Subject: Re: Gianfar driver failing on MPC8641D based board

On Fri, Feb 26, 2010 at 12:06:15PM +0000, Martyn Welch wrote:
> Anton Vorontsov wrote:
> > On Thu, Feb 25, 2010 at 07:53:30PM -0500, Paul Gortmaker wrote:
> > [...]
> >
> >> I was able to reproduce it on an 8641D and bisected it down to this:
> >>
> >> -----------
> >> commit a3bc1f11e9b867a4f49505ecac486a33af248b2e
> >> Author: Anton Vorontsov <[email protected]>
> >> Date: Tue Nov 10 14:11:10 2009 +0000
> >>
> >> gianfar: Revive SKB recycling
> >>
> >
> > Thanks for the bisect. I have a guess why tx hangs in
> > SMP case. Could anyone try the patch down below?
> >
>
> Yup, no problem. I'm afraid it doesn't resolve the problem for me.

Hm.. I found a p2020 board and I was able to reproduce the issue.
The patch down below fixed it completely for me... hm.

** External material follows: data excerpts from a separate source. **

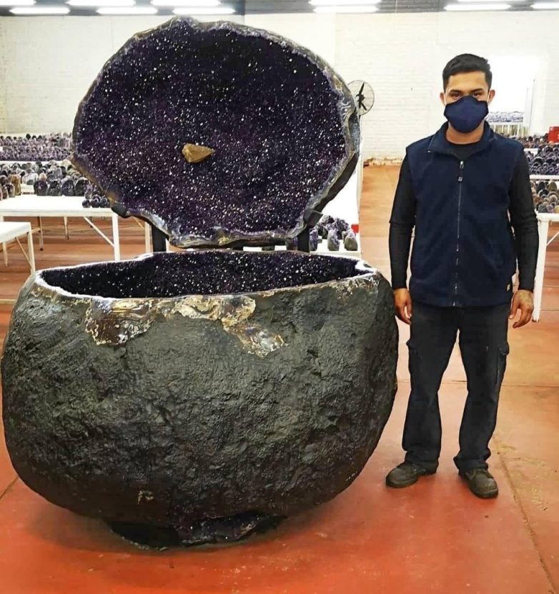 Огромная аметистовая жеода в сравнении с человеком
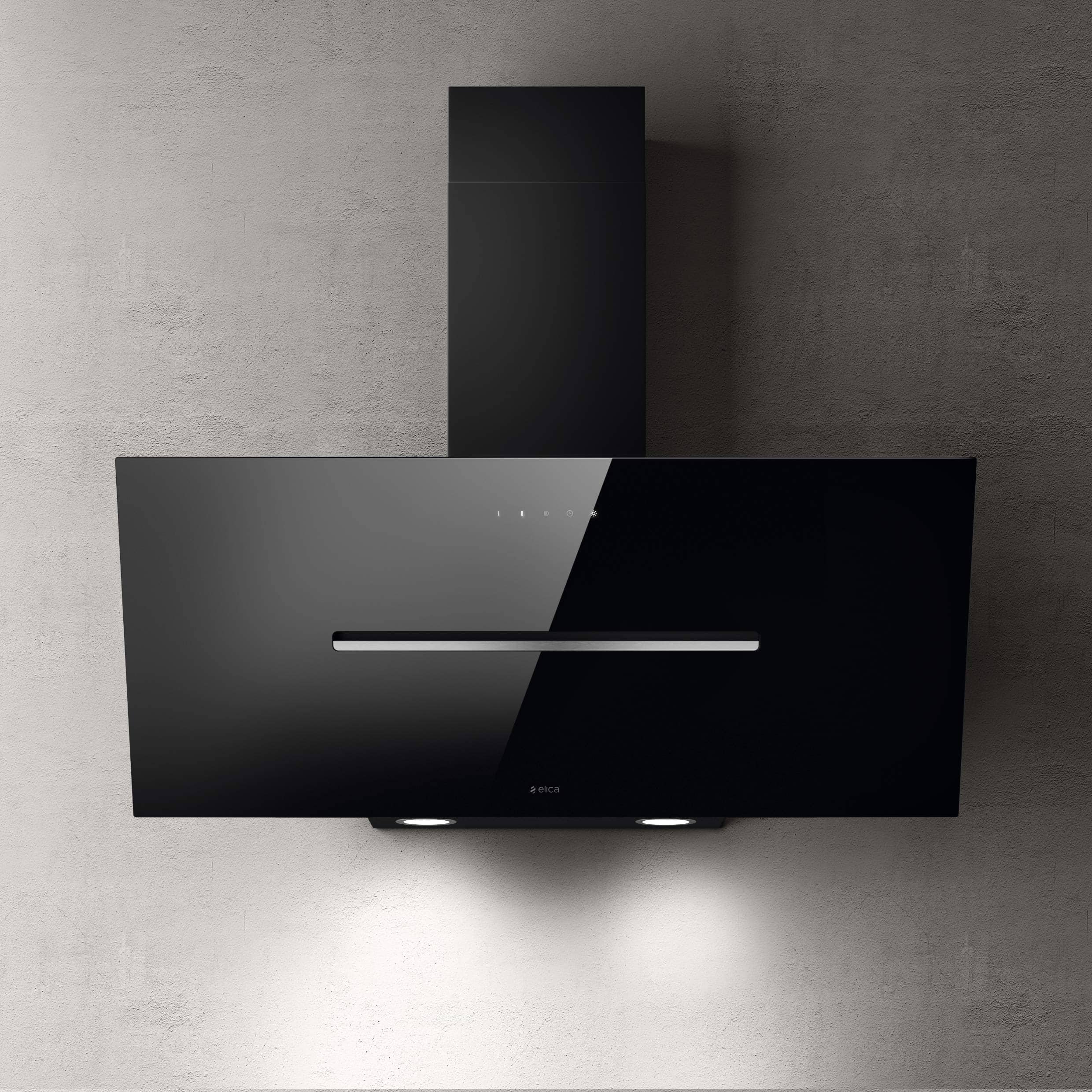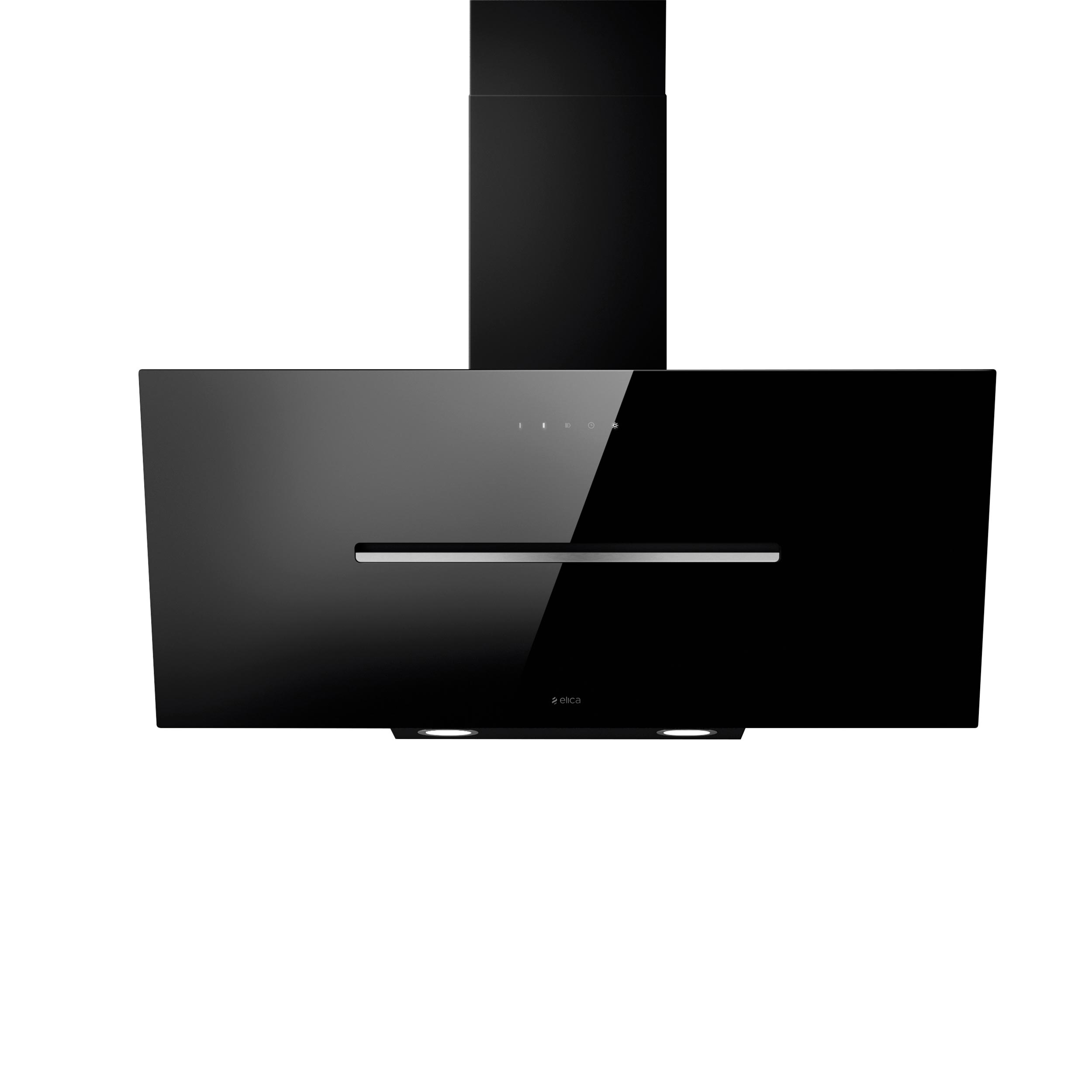 Väggmonterad köksfläkt, vertikal. Med inbyggd motor - Svart glas - 898mm - A
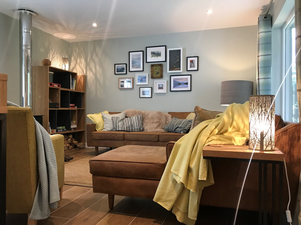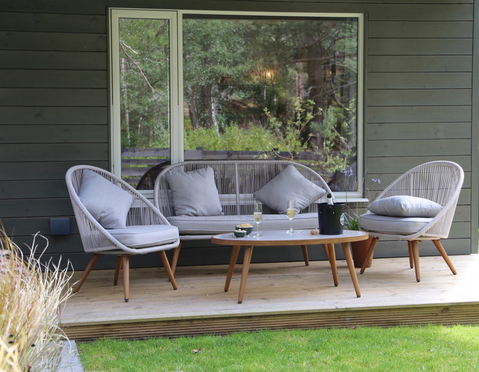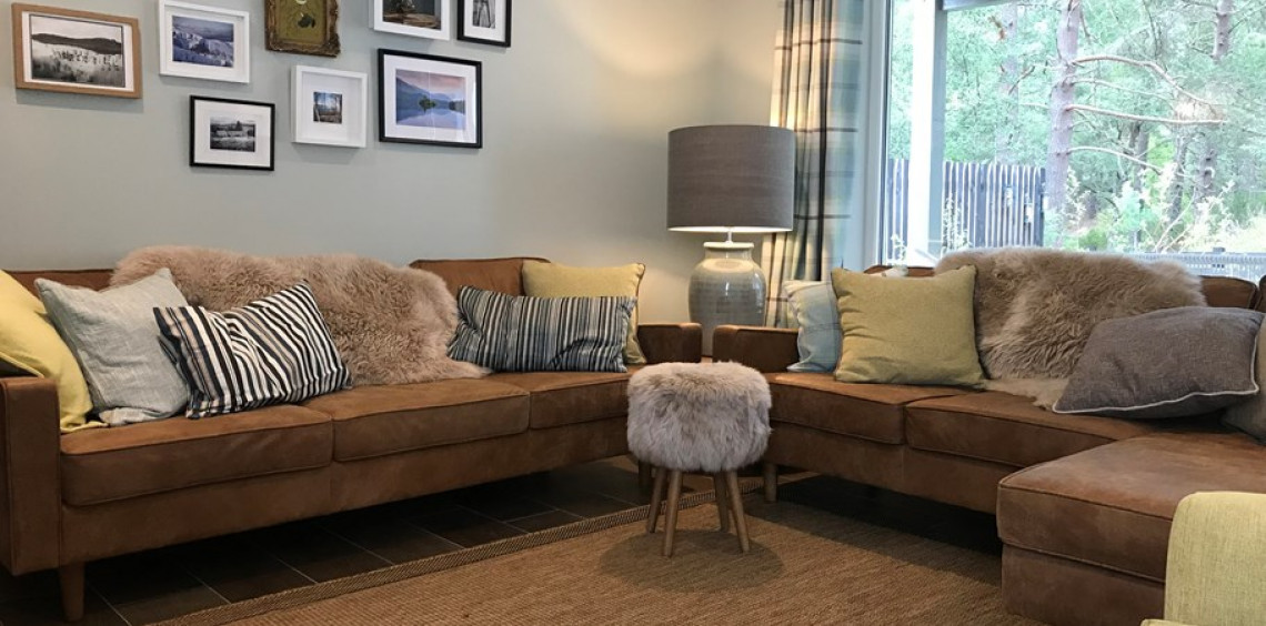 At the heart of the Cairngorms National Park in the sought-after destination of the Rothiemurchus estate, The Green Lodge Aviemore awaits your visit. The Green Lodge welcomes one or two well behaved dogs, and offers a secure, enclosed garden at the back of the lodge, and an outside tap for hosing off the worst of the mud. We provide an emergency supply of dog towels in case you forgot, as well as a dog bed, blanket and bowl. There are wonderful walks all over the National Park, but one loop in particular is perfect for that early morning or late afternoon dog walk. Leaving the Green Lodge, you just cross the road and plunge into the woods, going through the most glorious and varied scenery with breathtaking views of the Cairngorms. Find your home-made map in the doggy welcome basket. Built in 2017, this superbly comfortable pet-friendly lodge sleeps eight people and has been furnished to the exacting standards of its hill-walking, mountain-biking owners. Sure, the beautiful woodland location can’t be beaten. But it doesn’t stop there: the Green Lodge has been furnished with the best of everything that you need to make this a holiday you will absolutely love, from the coffee machine that helps you make the perfect cappuccino to the wood fired pizza oven for creative cooks, from the map wall to help you plan your active days to the blissful supersized beds to give you a heavenly night’s sleep. You will be hard pressed to choose between the many activities on your doorstep, especially when it means tearing yourself away from the families of red squirrels and woodpeckers that are daily visitors to the garden. Step out of the door onto the Old Logging Way and start your adventures on foot or by bike, or take a short drive to one of many iconic Scottish Highland golf courses nearby. Potter through the woods with the kids to the nearby climbing wall, swimming pool, zip wires and tennis courts, or grab lunch at the local farm shop and cafe. Eating and Drinking at the Green Lodge You may not plan to eat in every meal, but when you do, you’ll find everything you need. With generous supplies of china, cutlery and glassware and a well-equipped kitchen, there are all the appliances you’d expect such as an oven, microwave, hob, kettle, toaster, dishwasher, along with staples such as tea, coffee, sugar, olive oil, salt and pepper. And sharp knives – with a sharpener for those for whom it matters. There’s other stuff you might not expect, like a slow cooker, so you can throw stuff in it in the morning and come back from your bike ride to a meltingly good casserole, and a herb garden planted up for you to use – help yourself to rosemary, thyme and sage, and in summer parsley, dill, coriander and basil. Depending on the season of your visit, there might be alpine strawberries, tomatoes, or apples to pick. Then there’s the Heston Blumenthal Sage Oracle Touch coffee machine, that makes your choice of latte, flat white, cappuccino, espresso or long black – and froths the milk for delicious hot chocolate too. It’s easy to master, and I’ve put a video here showing how to use it. Outside in the garden, of course there’s the barbecue – both charcoal and gas, you choose which you prefer. What isn’t standard is the freestanding wood fired pizza oven – it makes the most heavenly pizzas (and roasts), and is just the thing to tempt those who don’t usually cook into feats of culinary deliciousness. Whether you're out walking, cycling or golfing you'll want to relax when you get back to the Green Lodge. The living room seats eight on comfy sofas and armchairs, with footstools so you can get into your perfect position. Gather and watch the flames play in the wood burning stove, or choose a film from our selection of some 700 on our 47" smart TV. Kids wanting a separate chilling space congregate on the bean bags in the top hall - with lots of plugs for their devices there'll be no arguments over the charger. Outside we've got comfortable seating both at the south facing herb terrace - a positive sun trap and a great spot for morning coffee with the papers (pick them up from the Hilton, just a short walk through the woods) - and in the back garden, which gets the sun for the whole of the afternoon and evening.
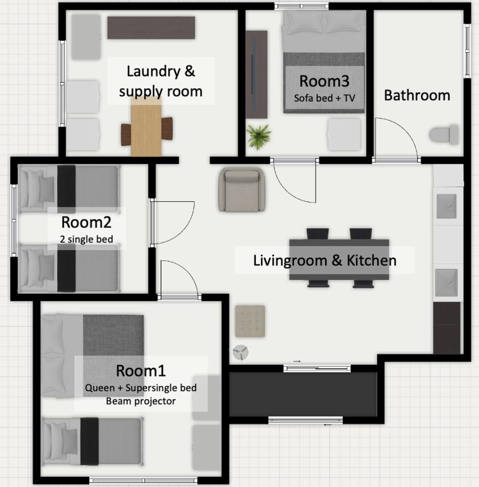 - 1 queen bed (150*200cm)
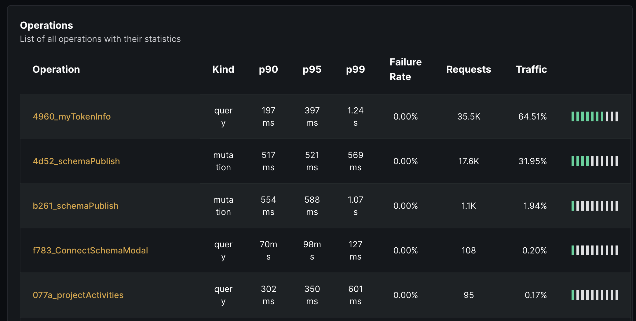 - Monitoring and Observability: view a list of all your GraphQL operations and their performance, error-rate, and other metrics.
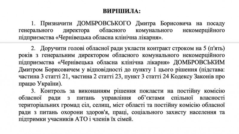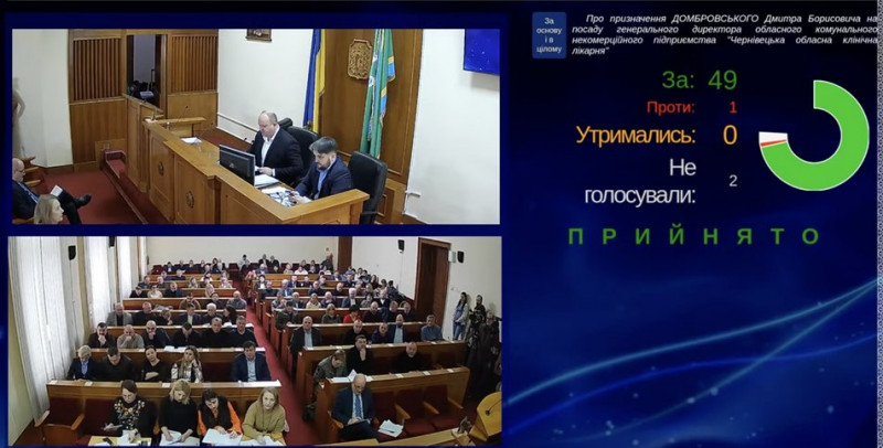 Дмитра Домбровського призначили гендиректором обласної клінічної лікарні у Чернівцях. Питання про його призначення внесли у порядок денний за рішенням суду. "За" проголосували 49 депутатів на сесії обласної ради.
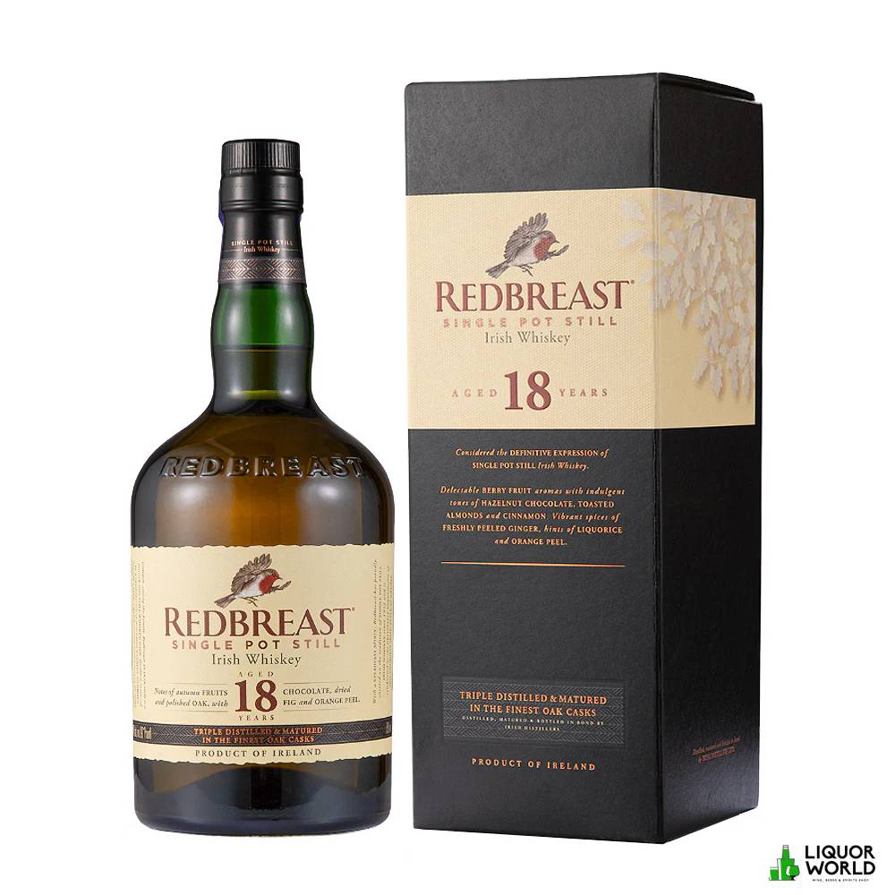 \nRedbreast 18 Year Old is a masterfully crafted Single Pot Still Irish whiskey that exemplifies the richness and complexity of Ireland’s whiskey-making tradition. Matured in a careful balance of first-fill American oak bourbon barrels and Spanish Oloroso sherry butts, this 18-year-old expression offers unparalleled depth and refinement. Bottled at 46% ABV, non-chill filtered, and full of luxurious character, Redbreast 18 is revered by connoisseurs worldwide for its complexity, structure, and elegance.
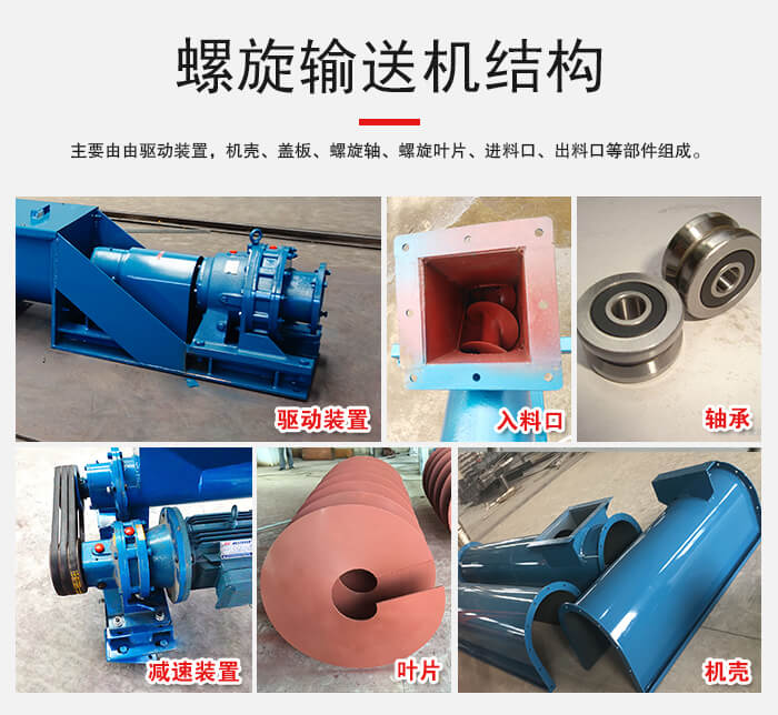 主要由由驅動裝置,機殼、蓋板、螺旋軸、螺旋葉片、進料口、出料口等部件組成。
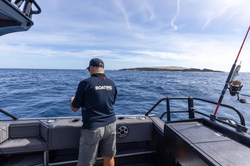 The passage out was comfortable, the 800HTWA shrugging aside perhaps half a metre of leftover swell and some wind chop from the easterly breeze. The wind was predicted to swing north and drop as the day progressed. At 22-25 knots the ride was smooth and dry, and we reached our destination in less than an hour.
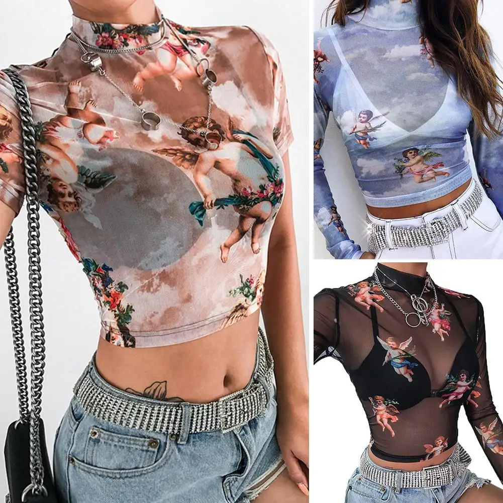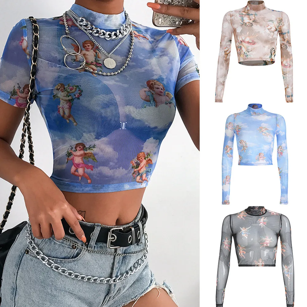 Особенности: принт ангела, прозрачный, приталенный, укороченный топ
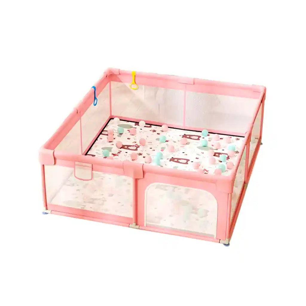 Corral de juegos y centro de actividades para bebés, del tamaño ideal para tu niñ@ desde los 6 meses hasta sus 5 años. Corral diseñado para cumplir con las necesidades del juego de tu bebé y las características de seguridad para tu tranquilidad. Características: El Corral de juegos y centro de actividades para bebés es la forma más divertida y segura de entretener a tu bebé. ¡Este Corral de juegos y centro de actividades para bebés te dará la total tranquilidad de que tu bebé está jugando felizmente en un entorno seguro y divertido! Todos los materiales del Corral de juegos y centro de actividades para bebés están libres de BPA y no son tóxicos. Los tubos de acero verticales y los tubos de la parte superior han sido envueltos con espuma. Los conectores de plástico de la parte superior se han envuelto con una tela gruesa. Todos estos están pensados para evitar cualquier posible daño al bebé. Es un espacio seguro que trae beneficios en su desarrollo, intervienen sentidos como la vista, el tacto y el oído que ayuda a los niños a potencializar y descubrir nuevas habilidades. Medidas: 150 cm x 180 cm
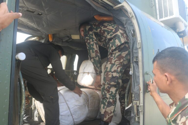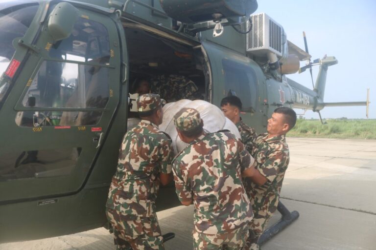 विराटनगर । इलाममा आएको बाढी-पहिरो प्रभावितका लागि कोशी प्रदेश मुख्यमन्त्री हिक्मतकुमार कार्की सक्रिय भई राहत कार्यमा फिल्डमै खटिएका छन्। आज बिहान नेपाली सेनाको हेलिकप्टरमार्फत माङ्सेबुङ र इलाम सदरमुकाम क्षेत्रमा प्राथमिक राहत सामग्री वितरण गरिएको छ।
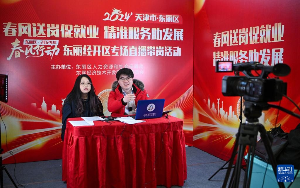 ??2024年2月29日,主播在天津市東麗區(qū)一場招聘會上進(jìn)行直播帶崗。新華社記者 孫凡越 攝
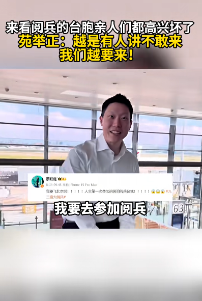 同日,受邀参加九三阅兵的台湾大学哲学系教授苑举正抵达北京,他在机场接受采访时表示:“非常高兴有这个机会,这是我的认同,越是有人讲不敢来,我们越要来!”
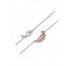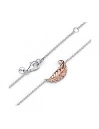Collar Pluma Curvada Flotante en Dos Tonos Este collar se presenta con una pluma con recubrimiento de oro rosa de segunda ley de 14k embellecida con brillantes circonitas cúbicas en una mitad y metal pulido en la otra. La punta de la pluma se curva alrededor del aro que la fija a la cadena de plata de primera ley, creando la ilusión de que flota en tu cuello. El extremo de la cadena está acabado a mano y embellecido con un disco redondo con un grabado de la O coronada de Pandora y tres aros que aportan versatilidad al estilo. Combina este dulce collar con otras joyas con recubrimiento de rosa de 14k para hacer destacar tu brillo primaveral.
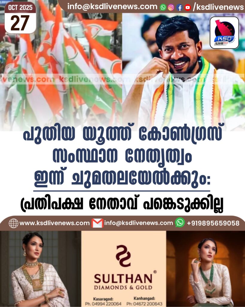 പുതിയ യൂത്ത് കോണ്ഗ്രസ് സംസ്ഥാന നേതൃത്വം ഇന്ന് ചുമതലയേല്ക്കും; പ്രതിപക്ഷ നേതാവ് പങ്കെടുക്കില്ല

I'll look further, thanks!

> > [...]
> >
> >> ...which probably explains why you weren't seeing it on non-SMP.
> >> I'd imagine it would show up on any of the e500mc boards too.
> >>
> >
> > Yeah.. Pity, I don't have SMP boards anymore. I'll try
> > to get one though.
> >
> >
> > diff --git a/drivers/net/gianfar.c b/drivers/net/gianfar.c
> > index 8bd3c9f..3ff3bd0 100644
> > --- a/drivers/net/gianfar.c
> > +++ b/drivers/net/gianfar.c
> > @@ -2614,6 +2614,8 @@ static int gfar_poll(struct napi_struct *napi, int budget)
> > tx_queue = priv->tx_queue[rx_queue->qindex];
> >
> > tx_cleaned += gfar_clean_tx_ring(tx_queue);
> > + if (!tx_cleaned && !tx_queue->num_txbdfree)
> > + tx_cleaned += 1; /* don't complete napi */
> > rx_cleaned_per_queue = gfar_clean_rx_ring(rx_queue,
> > budget_per_queue);
> > rx_cleaned += rx_cleaned_per_queue;
> >

--
Anton Vorontsov
email: [email protected]
irc://irc.freenode.net/bd2

2010-02-26 14:52:37

[permalink] [raw]

Subject: Re: Gianfar driver failing on MPC8641D based board

On 10-02-26 09:35 AM, Anton Vorontsov wrote:
> On Fri, Feb 26, 2010 at 12:06:15PM +0000, Martyn Welch wrote:
>> Anton Vorontsov wrote:
>>> On Thu, Feb 25, 2010 at 07:53:30PM -0500, Paul Gortmaker wrote:
>>> [...]
>>>
>>>> I was able to reproduce it on an 8641D and bisected it down to this:
>>>>
>>>> -----------
>>>> commit a3bc1f11e9b867a4f49505ecac486a33af248b2e
>>>> Author: Anton Vorontsov<[email protected]>
>>>> Date: Tue Nov 10 14:11:10 2009 +0000
>>>>
>>>> gianfar: Revive SKB recycling
>>>>
>>>
>>> Thanks for the bisect. I have a guess why tx hangs in
>>> SMP case. Could anyone try the patch down below?
>>>
>>
>> Yup, no problem. I'm afraid it doesn't resolve the problem for me.
>
> Hm.. I found a p2020 board and I was able to reproduce the issue.
> The patch down below fixed it completely for me... hm.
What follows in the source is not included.